Much of the accounts’ growth can be attributed to differentiating the account from others to reach its potential, Evangelist said.
“There is a whole team of Barstool affiliate accounts … while our job is to cover events at [our school] we also promote Barstool merchandise to receive a commission,” Evangelist said. “My goal was to affiliate this account more with A&M than Barstool. I think a lot of accounts miss out on their potential because they’re posting Barstool-like material rather than school and culture-like material.”

Evangelist said A&M’s Barstool page will continue to engage the student body because the page is centered around A&M rather than Barstool, unlike other schools.

“A lot of the success of this account is due to knowing the community and feeding them what they want,” Evangelist said. “Other school accounts get caught up in creating a Barstool page and that’s not necessarily what every college student wants to see.”

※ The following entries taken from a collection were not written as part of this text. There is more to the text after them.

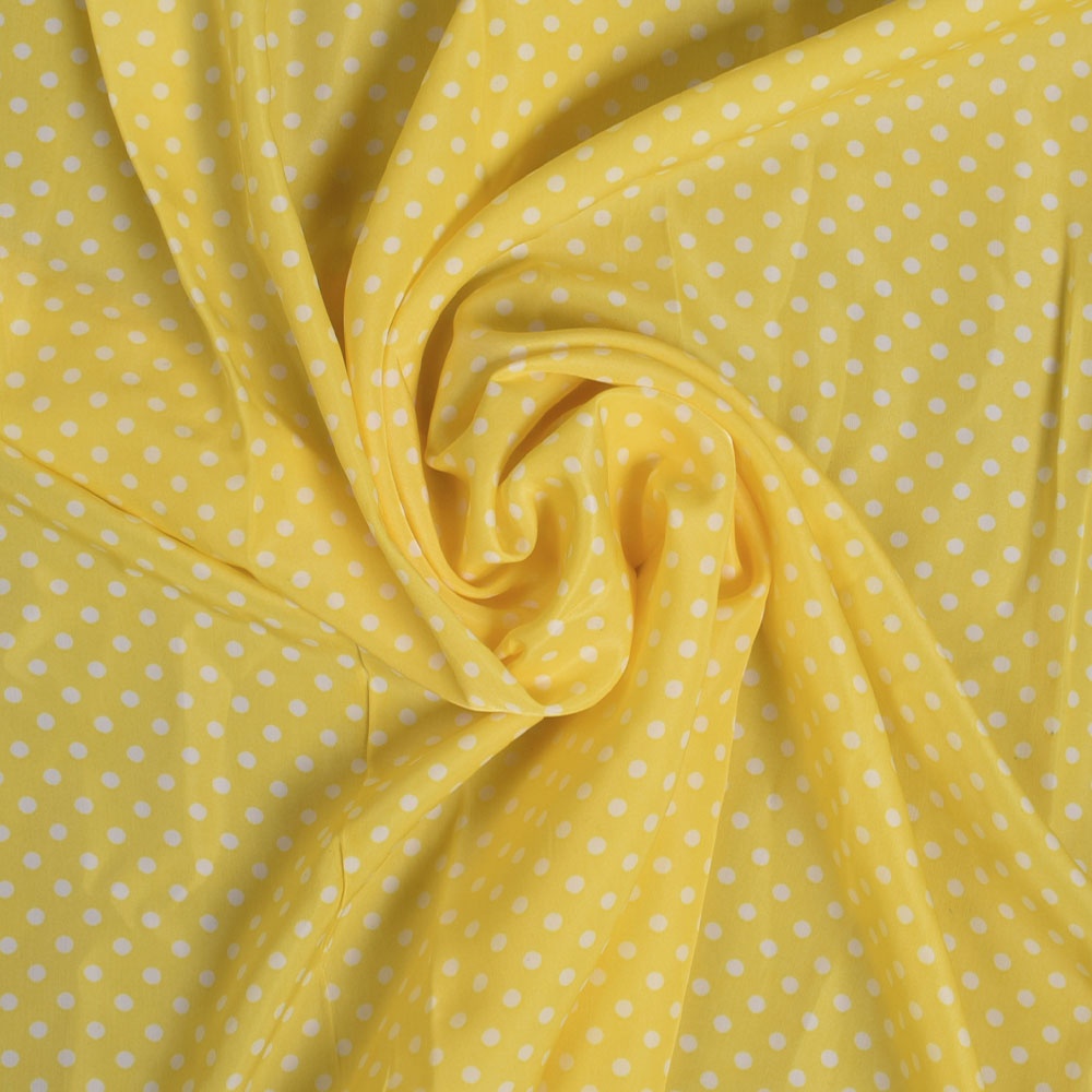 Описание Купра диллон желтая в средний белый горох (уценка) ш.145. Состав ткани: Вискоза-20, Полиэстер-80. Плотность ткани: г/м.кв. Страна производитель: Южная Корея. шов и непоркрас, 0,6+1,3м
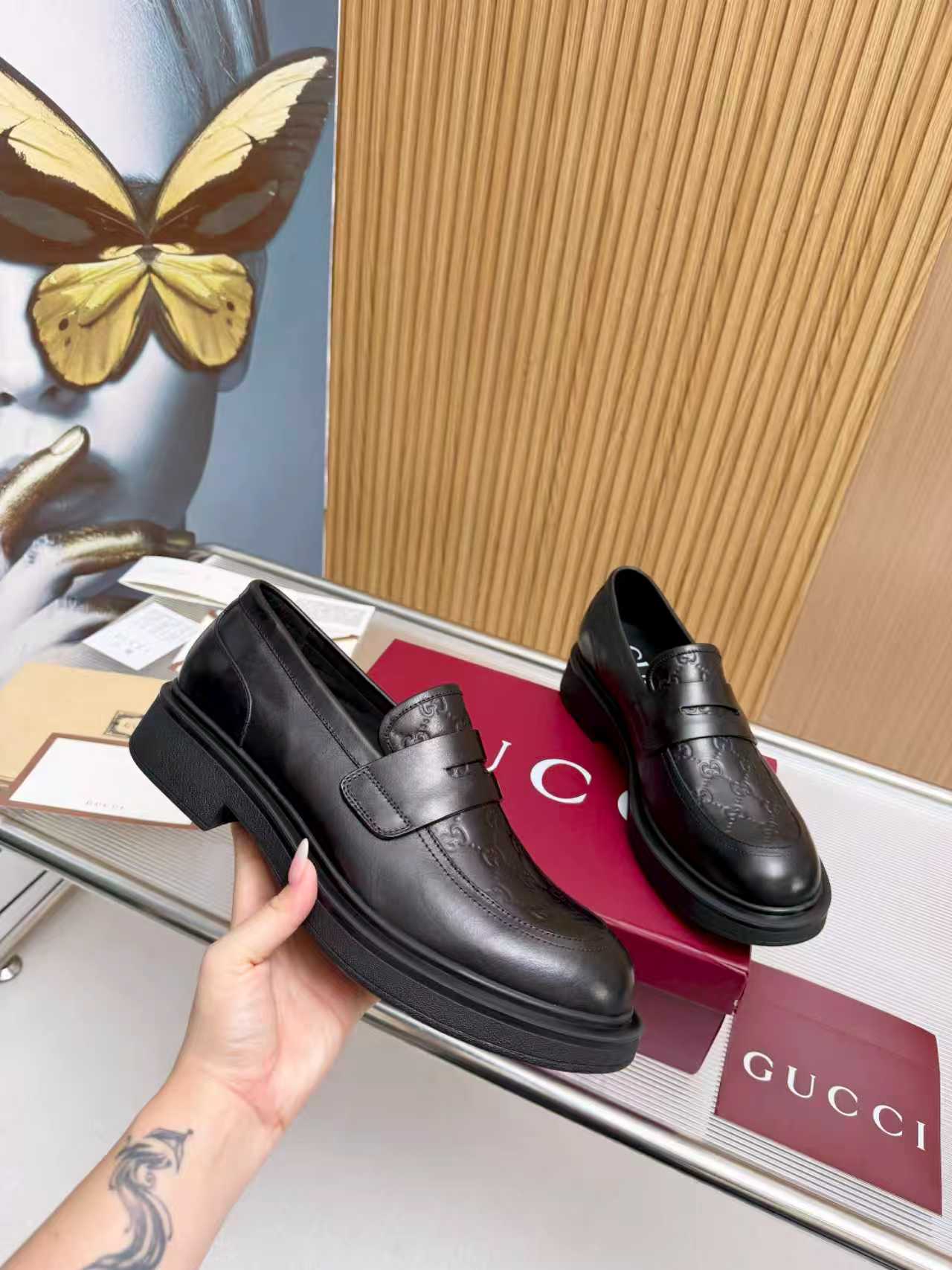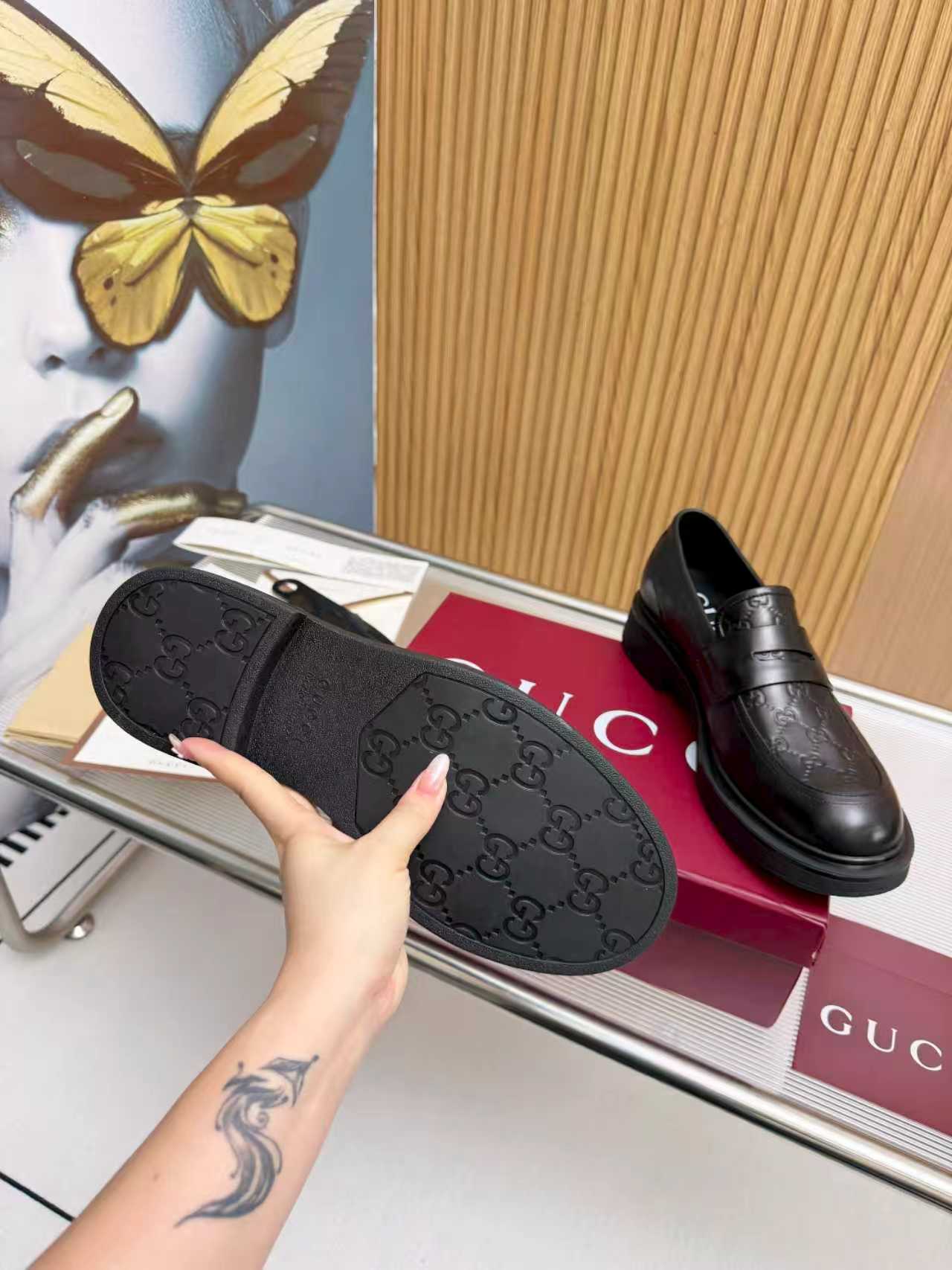 This shoes is AAAAA 1:1 quality (superb). Materials used are identical to the original ones. Gucci trademark marks are indistinguishable to the authentic. Photos take by actual shoes, what you receive will be 100% same with our photos.
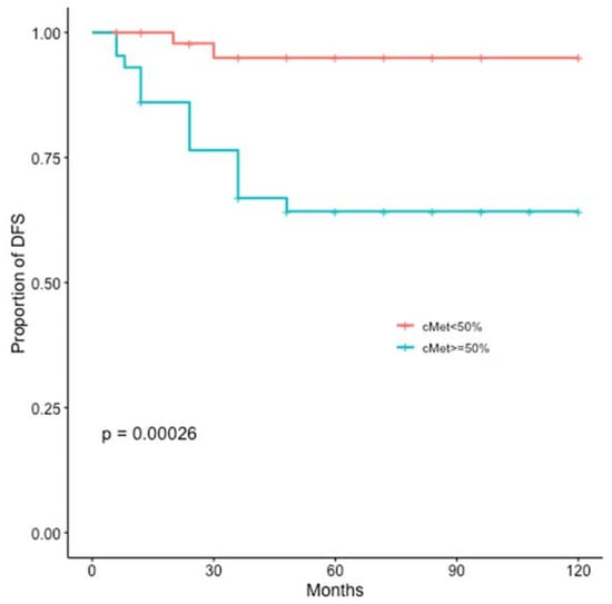 Kaplan-Meier estimates illustrating the DFS of patients by high c-MET (≥50%) and low c-MET (<50%) expression levels.

In summer 2022, Evangelist sparked a movement to rally the A&M community in gaining Waffle House’s attention to bring a restaurant to College Station. The trend attracted media attention and numerous followers for the Barstool A&M account. The initiative served as a memorable moment in addition to Pack Reed Propaganda, a movement that encouraged more students to attend A&M basketball games, Evangelist said.

“Waffle House felt like a fever dream because there’s nothing going on in the summer,” Evangelist said. “[The trend] started with one DM and all of a sudden we have 250,000 likes and it’s a crazy movement. I think my favorite memory though was Pack Reed Propaganda. The fact [that] we had a horrible football season made my life tough in the fall, so I had to get really creative in posting things outside of [football].”

Evangelist credits the men’s basketball team and the A&M community for making Pack Reed Propaganda a success.

“Thank God the team kept rolling and built on the momentum,” Evangelist said. “The games got louder and louder, and the memes got better and better. The crowd fed off the movement that I started. To end the [regular] season beating [Alabama] at the last home game was the happiest I’ve ever felt in my life because I got to play a part in getting people to watch that basketball season.”

Evangelist said his success running the account presented him with new opportunities. Previous admins ran the account until they graduated, but Evangelist retired from his position earlier than previous admins because he wanted the account to positively affect the next social media holder.

“A lot of people have had questions as to why I gave up the account early,” Evangelist said. “I loved that account and it changed my life, but I want the page to have the opportunity to change someone else’s life …  I don’t want anyone to think this account has changed because one person isn’t there anymore.”

No matter who runs Barstool A&M, the focus will always be on growing the spirit of A&M, Evangelist said.

“This account is so much bigger than me or anyone who has ever run it,” Evangelist said. “It’s about the community.”